Verinag: So tranquil, so soothing an ambience!
A famous legend attributed to Mughal emperor ‘Jahangir’ is recorded in several chronicles having said that he (Jehangir) so wished that he be buried at Verinag.
Verinag with its mighty trees, cold-water and murmuring streams nestled amidst serene pine-clad hills is situated in South Kashmir, nearly 74 Kms from Srinagar. It is considered to be the original source of river Jehlum and its waters with its tributaries like Nallah Lidder and Nallah Vishow supplying water to nearly all south Kashmir and finally merging with Jehlum.
The site also threw up several archaeological evidences of ancient period when a group of sculptures pertaining to later Lahore dynasty were exhumed from its neighbourhood. These sculptures are now displayed in the archaeological gallery of the state museum at Lal Mandi Srinagar.
These are the magnificent sculptures of various Hindu gods and goddesses raised in high relief that speak volumes about the ancient Kashmir art. Besides, Verinag has been the place of great interest for several travellers. Abul Fazl in ‘Ain-e-Akbari’ says of Verinag that it is, “a pool measuring one Jareeb, which tosses in foam with an astonishing roar and its depth is unfathomable and is surrounded by a stone-embankment.”
The initial construction work of the spring was undertaken during Jahangir’s regime ((1014-1037 A.H.) and completed by Shah Jahan (1037-1068 A.H.). The developmental work of Verinag included outlining of a garden around it, raising pillared pavilions, constructing royal bathrooms and an octagonal arcade around the spring. Jahangir, in a brief account of the spring writes, “It is an octagonal reservoir, about 20-yards near it are the remains of a place of worship for recluses; cells cut out of the rock and numerous caves. The water is exceedingly pure, although I could not guess its depth. A grain of poppy-seed is visible until it touches the bottom. There are many fish to be seen in it. As I had heard that it was unfathomable, I ordered them to throw a cord with a stone attached and when this card measured in gaz it became evident that the depth was not more than one and a half the height of a man. After my accession I ordered them to build the sides of the spring with stone, and they made a garden round it with canal and built halls and houses around it and made a place so that travellers from world over can point out a few like it.”

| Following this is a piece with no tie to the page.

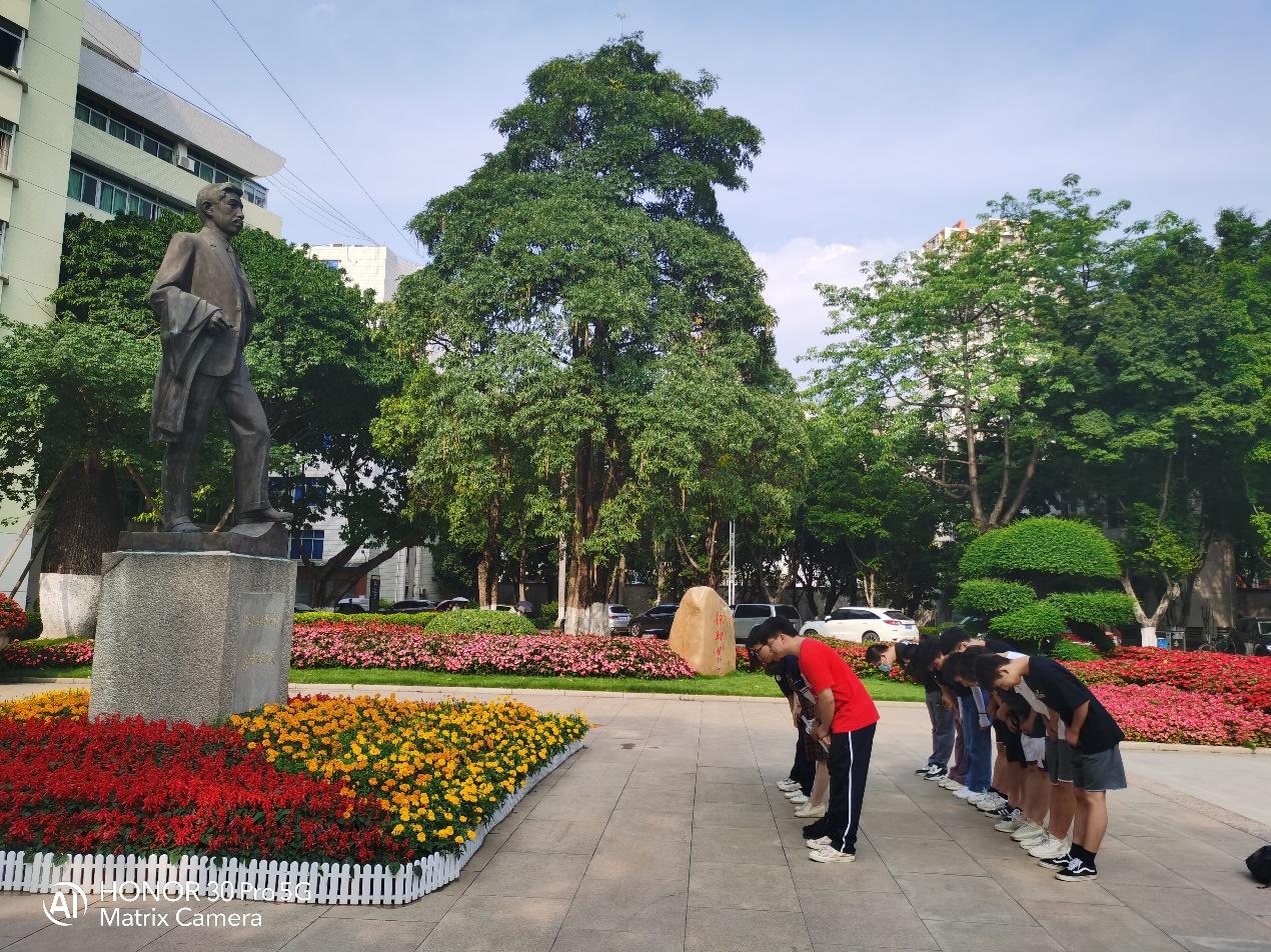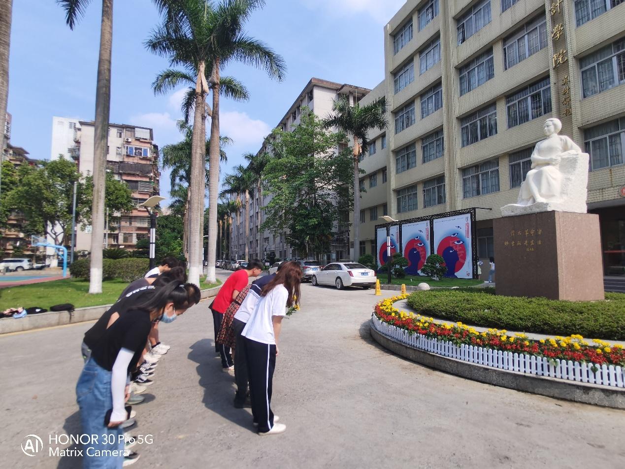 在党支部书记邓艳桃和田旭峰的带领下,学生党员代表向廖仲恺先生和何香凝先生雕像献花,借此表达对仲恺先生和香凝先生的缅怀之情。

Of the buildings that Jehangir ordered to be constructed here, only the range of twenty-four arches round the spring remains partially intact. The rest constructions are either in ruins or invisible.
The arcade originally formed of stone was repaired by Maharaja Ranbir Singh (1857-85 AD) in bricks. The two inscriptions rose into the wall of arcade, one by Jahangir and the other by his son Shah Jehan retain the physical memories of the monarchs. One of the inscriptions that belongs to Jahangir, reads as: Padshahi haft-Kishtiwar `adalat-gustar’ Abu-al-Muzaffar Nurud-ud-Din Jahangir Ibn Akbar Shah Ghazi Batarikhi.
Sanah 5 Julus darin Sarchashma faiz-amin nazul ajlal formudand Tarikh.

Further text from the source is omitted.